The Trump administration’s cuts to federal measures aimed at protecting Americans from overwhelming medical bills have shifted the focus of patient and consumer advocates to state legislatures in an effort to address the issue of medical debt in the country.
Despite some progress this year, particularly in states with Democratic majorities, recent setbacks in more conservative legislatures highlight the challenges of protecting patients.
Bills aimed at protecting consumers from medical debt in Indiana, Montana, Nevada, South Dakota, and Wyoming failed this year due to industry opposition. Advocates warn that states must take action as millions of people are expected to lose their health insurance due to President Donald Trump’s tax and spending law.
“Medical debt was already a key issue even before the change in administration in Washington,” said Kate Ende, policy director at the Maine-based organization Consumers for Affordable Health Care. “The federal rollback made mobilizing even more urgent.”
Maine recently joined a growing list of states that have banned medical debt from appearing on residents’ credit reports, a protection that can facilitate access to housing, a car, or even employment. The measure was unanimously approved with bipartisan support.
It is estimated that 100 million people in the United States have some form of medical debt.
The federal government was on the verge of banning medical debt from appearing on credit reports, thanks to a regulation issued in the final days of former President Joe Biden’s term. This measure would have benefited around 15 million people nationwide.
However, the Trump administration did not defend the regulation against legal challenges from collection agencies and credit bureaus, who argued that the Consumer Financial Protection Bureau had exceeded its authority.
A federal judge in Texas, appointed by Trump, ruled that the regulation should be overturned.
Now, only patients living in states that have enacted their own rules on credit reporting can benefit from this protection. More than a dozen states have these restrictions, including California, Colorado, Connecticut, Minnesota, New York, and Vermont, which, like Maine, adopted a ban this year.
In recent years, more states have passed other protections against medical debt, such as limits on the interest rate that can be charged and restrictions on the use of wage garnishment or asset seizure to collect unpaid medical bills.
In many cases, these measures have received bipartisan support, reflecting the popularity of consumer protections. In Virginia, the Republican governor signed a law this year limiting wage garnishment and establishing an interest rate cap.
Several Republican lawmakers in California joined Democrats to support a measure that facilitates access to financial assistance from hospitals for those facing high bills.
“This is the kind of common-sense issue that affects people’s wallets and appeals to both Republicans and Democrats,” said Eva Stahl, vice president of Undue Medical Debt, a nonprofit organization that buys and forgives medical debts and has worked to expand patient protections.
However, in several state legislatures, the push for new protections has faced barriers.
Bills to prohibit medical debts from appearing on credit reports failed in Wyoming and South Dakota, despite the support of some Republican lawmakers. Measures to limit aggressive collections against residents with medical debt were rejected in Indiana, Montana, and Nevada.
In some states, proposals faced strong opposition from collection agencies, credit bureaus, and banks, who argued to lawmakers that without information about medical debts, they could end up granting high-risk loans to consumers.
State Representative Lana Greenfield, a Republican from South Dakota, echoed the industry’s objections by urging her colleagues to vote against the ban. “Small banks in small communities would not be able to obtain information about a very, very large medical bill. And then, they could grant a good-faith loan to someone without really knowing what their credit was,” Greenfield said on the House floor.
During the Biden administration, CFPB researchers found that, unlike other types of debt, medical debt was not a good indicator of creditworthiness.
But State Representative Brian Mulder, a Republican from South Dakota and chairman of the health committee that drafted the legislation, highlighted the power of the banking sector in the state, where favorable regulations have made it a magnet for financial institutions.
In Montana, a proposal to protect some of the assets of debtors from garnishment easily advanced in committee.
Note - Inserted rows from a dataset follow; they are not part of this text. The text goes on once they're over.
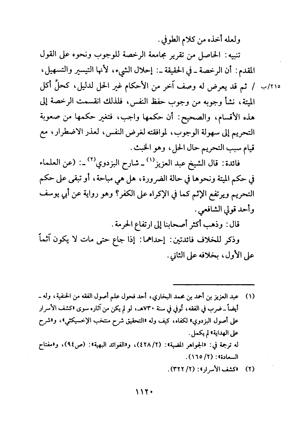 فَائِدَة: قَالَ الشَّيْخ عبد الْعَزِيز - شَارِح الْبَزْدَوِيّ -: (عَن الْعلمَاء فِي حكم الْميتَة وَنَحْوهَا فِي حَالَة الضَّرُورَة، هَل هِيَ مُبَاحَة، أَو تبقى على حكم التَّحْرِيم ويرتفع الْإِثْم كَمَا فِي الْإِكْرَاه على الْكفْر؟ وَهُوَ رِوَايَة عَن أبي يُوسُف وَأحد قولي الشَّافِعِي.
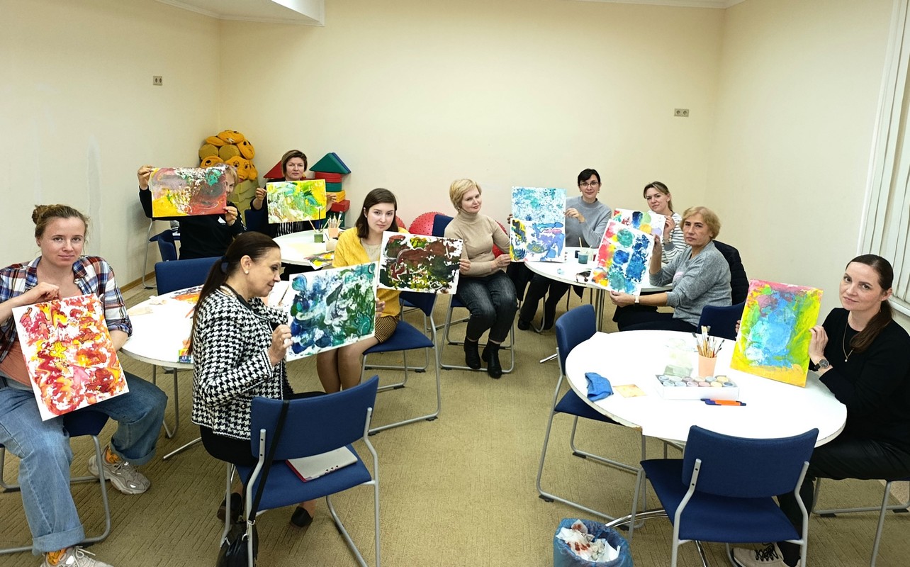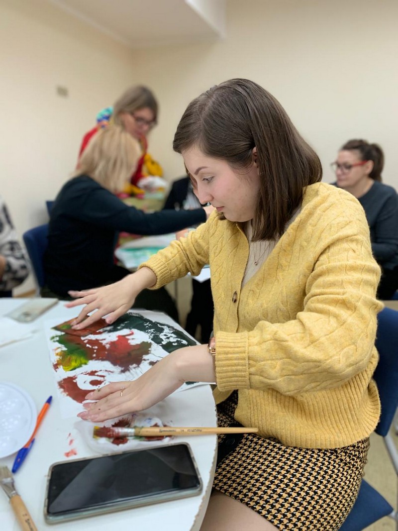 В начале арт-тренинга Илона Евгеньевна провела увлекательную вводную беседу о психологии цвета и его влиянии на наше эмоциональное состояние. Участники узнали, как разные оттенки могут пробуждать определенные чувства и воспоминания, и как это можно использовать для гармонизации своего внутреннего мира.
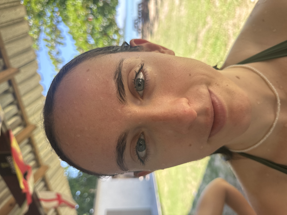 A female subject is centered in a close-up, head-on portrait, with fair skin, dark eyebrows, and light blue-green eyes. Her dark hair is pulled back and appears wet, along with visible water droplets on her face and shoulders. She wears a dark green swimsuit top and a thin white beaded necklace, displaying a neutral to slightly smiling expression. The scene is set in Rio Bueno, Jamaica. In the upper background, under a wooden beam roof, a red, yellow, and black banner (partially identifying as Guinness) and a white flag with a red cross are visible. The background, out of focus, features a white building to the left, green foliage and trees to the right, and a body of water with boats in the far distance, beneath a clear blue sky. Green grass occupies the mid-ground. The blurred arm of another individual is partially visible in the lower-left.
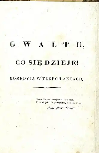 Gwałtu, co się dzieje! est une comédie en trois actes d'Aleksander Fredro de 1826[1].
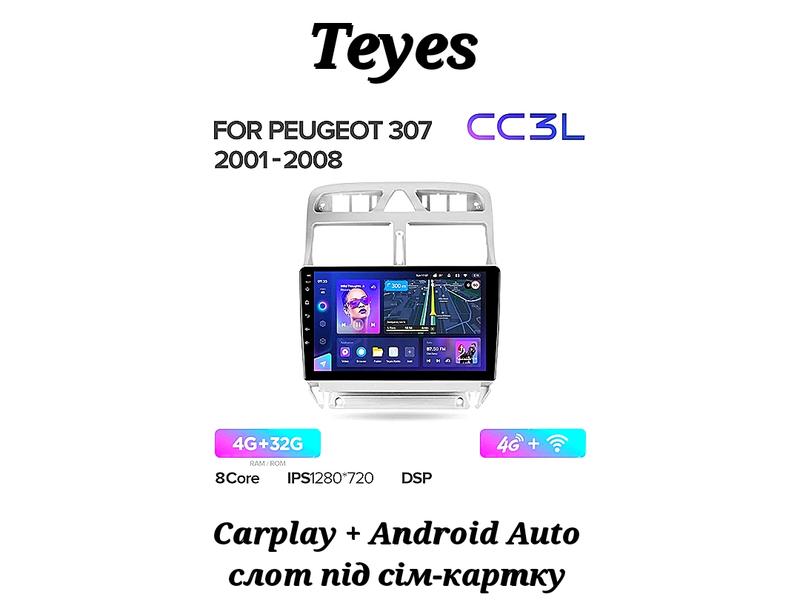 Магнітола teyes cc3l peugeot 307, 4/32, 8 ядер, carplay, слот під сім-картку + рамка!
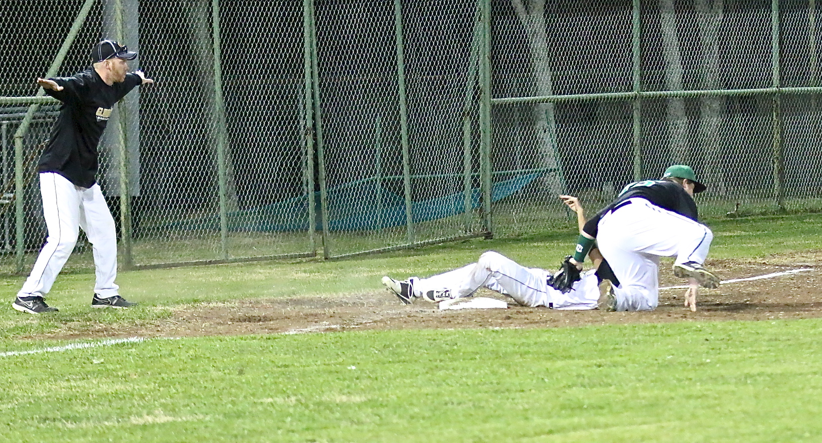 Gladiator Baseball rallys late against 2A Rio but Eagles hang on for 10-7 win « previous story album next » That’s Jorge Galvan(10) sliding safely into third base, just ask Coach Cady. (Barry Byers) Download original photo
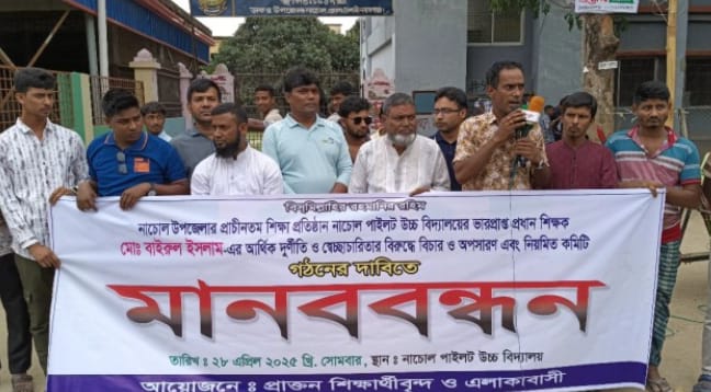 মোঃ রনি রজব ভোলাহাট সংবাদদাতা চাঁপাইনবাবগঞ্জের ; নাচোল উপজেলার ঐতিহ্যবাহী শিক্ষা প্রতিষ্ঠান নাচোল পাইলট উচ্চ বিদ্যালয়ের ভারপ্রাপ্ত প্রধান শিক্ষক মোঃ বাইরুল ইসলামের বিরুদ্ধে দুর্নীতি ও স্বেচ্ছাচারিতার অভিযোগ এনে তার অপসারনের দাবিতে মানববন্ধন কর্মসূচি পালিত হয়েছে। সোমবার (২৮ এপ্রিল) বিদ্যালয় চত্বরে এই মানববন্ধনে অংশ নেন বিদ্যালয়ের প্রাক্তন শিক্ষার্থী ও এলাকাবাসী। এ সময় বক্তারা বলেন, মোঃ বাইরুল ইসলাম বিগত ফ্যাসিস্ট সরকারের দোসর হিসেবে বিদ্যালয়টি অন্যায় ভাবে ভোগ করেছেন এবং নিজস্ব স্বার্থে প্রতিষ্ঠানের স্বাভাবিক কার্যক্রমে বাধাগ্রস্থ করেছেন। বক্তারা আরো বলেন, আর্থিক দুর্নীতি, স্বেচ্ছাচারিতা, প্রশাসনিক দুর্নীতি ও ক্ষমতার অপব্যবহার করে যাচ্ছেন। তার এসব অনিয়ম চরম পর্যায়ে পৌঁছেছে। আমরা দ্রুত ভারপ্রাপ্ত প্রধান শিক্ষকের অপসারণ দাবি করছে এবং একটি নিয়মিত ব্যবস্থাপনা কমিটি গঠনের জোর দাবি জানাচ্ছি। মানববন্ধনে বক্তব্য রাখেন, ডাঃ মোঃ মানিক হোসাইন, মোঃ নজরুল ইসলাম মাস্টার সহ স্কুলের প্রাক্তন শিক্ষার্থীরা। মানববন্ধন শেষে নাচোল উপজেলা নির্বাহী অফিসার (ইউএনও’র) কাছে একটি স্মারক লিপি প্রদান করা হয়।
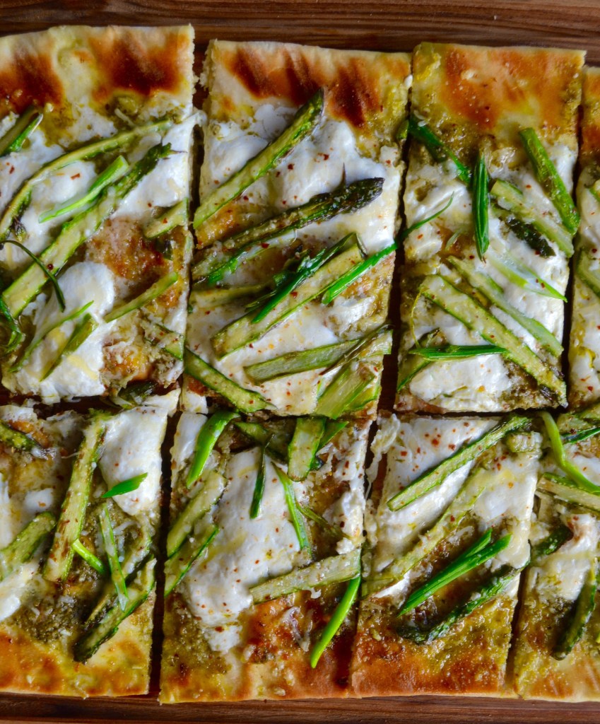 - When the pizza is halfway cooked, top the pizza with the toppings. If you have a thick pesto you can add 1 tbs+ of olive oil to help it spread better onto the dough. Spread the pesto around the dough, leaving 1 inch of crust around the entire edge of the pizza. Drain the burrata of any brine and spread that on top of the pesto. Add the cooked asparagus, red chili flakes, and fresh green onions.

Its supporters hoped it would be especially useful for Native American patients, who disproportionately bear the burden of medical debt.
But when the bill reached the House floor, opponents “showed up in force” and personally lobbied Republican lawmakers an hour before the vote, said Ed Stafman, a Democratic lawmaker and the bill’s author.
“They gathered enough votes to narrowly defeat the bill,” he said.
Both patient advocates and lawmakers who supported these measures said they are optimistic about overcoming industry opposition in the future.
There are signs that some proposals to expand patient protections could advance in other conservative states, such as Ohio and Texas.
In Texas, a proposal that would require non-profit hospitals to expand financial assistance for those facing high bills has received the support of influential conservative organizations.
“These things sometimes take time,” said Lucy Culp, who leads state lobbying for Blood Cancer United (formerly known as Leukemia & Lymphoma Society). This organization has pushed for state laws to protect against medical debt in recent years, including in Montana and South Dakota.
Most concerning, said Culp, is the wave of uninsured patients expected due to cuts in medical coverage resulting from the new Republican tax law. This will further exacerbate the issue of medical debt in the country.
“States are not prepared for that,” Culp warned.